Sulfidation performance of unsupported and SBA 15-supported Ca-based mixed metal oxides

Abstract

Coal is the most widely used fossil fuel resource, and clean coal technologies allow an increase in the efficiency of clean energy production. Gasification-based combined cycle power generation systems, for example, aim to produce a mixture of CO and H2 (syngas) formed from coal and biomass. However, H2S is an undesired gasification product of fossil fuels with their high sulfur content. Hot gas desulfurization (HGD) reduces the sulfur contents of the gasification products by eliminating thermal losses of endothermic syngas formation processes. This study aims to develop efficient sorbents to remove H2S from hot flue gas. Unsupported and SBA 15-supported Ca-based binary mixed metal oxides (CuO, FeO, MnO, ZnO) were synthesized as sulfur sorbents by the wet impregnation method. The crystal structure of the sorbents was determined by X-ray diffraction (XRD), while BET analysis was used to determine the surface area and pore size distribution of the sorbents. The results of the XRD and BET analyses revealed mixed metal oxide formation and a high surface area of SBA 15-supported sorbents, respectively.
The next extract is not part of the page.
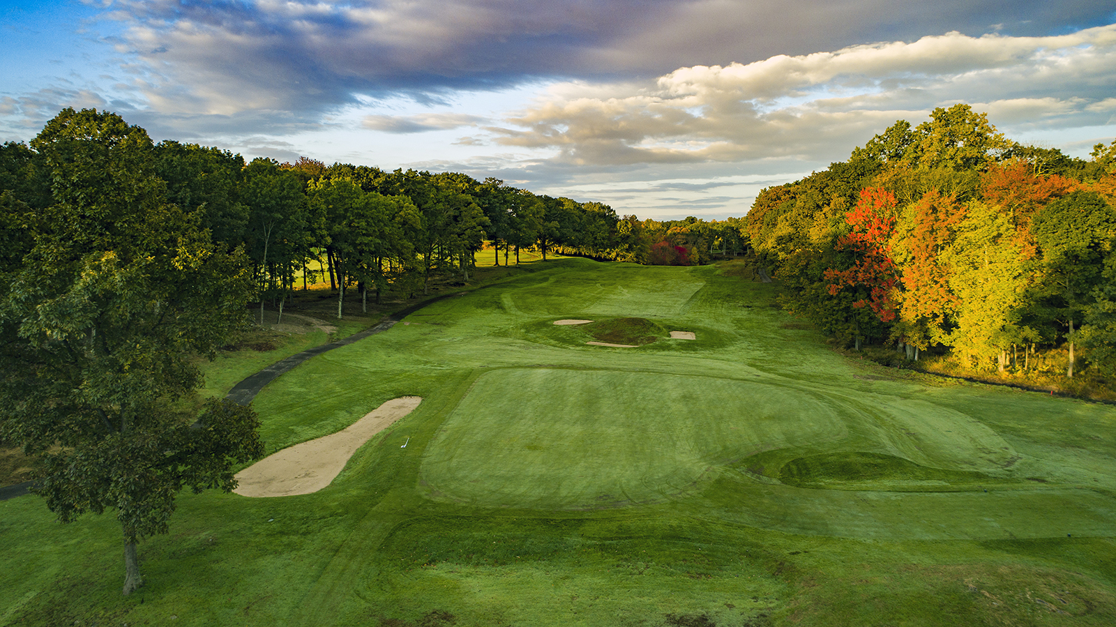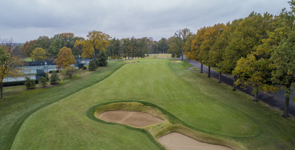 The oft-overlooked Seth Raynor design features a semi-blind tee shot that crests a hill. Once over the hill, the grand Double Plateau green complex is revealed. The front right and back right plateaus are guarded by a bunker. The front portion accepts a low running shot and a shot a little left will feed in. The front left side is propped up with the land’s natural slope and is best approached from the right side of the fairway.

Mixed metal oxide formation was also confirmed by Fourier transform infrared radiation (FTIR) spectroscopy. The desulfurization performance of the sorbents was examined by a simulated gas mixture at 800 °C. A gas chromatography analyzer equipped with a flame photometric detector was used to follow the H2S concentration. SBA 15-supported CaO–MnO exhibited the best desulfurization performance at 800 °C with a breakthrough sulfur capacity (BSC) of 43.38 g S/100 g sorbent in the longest breakthrough time of 1077 min.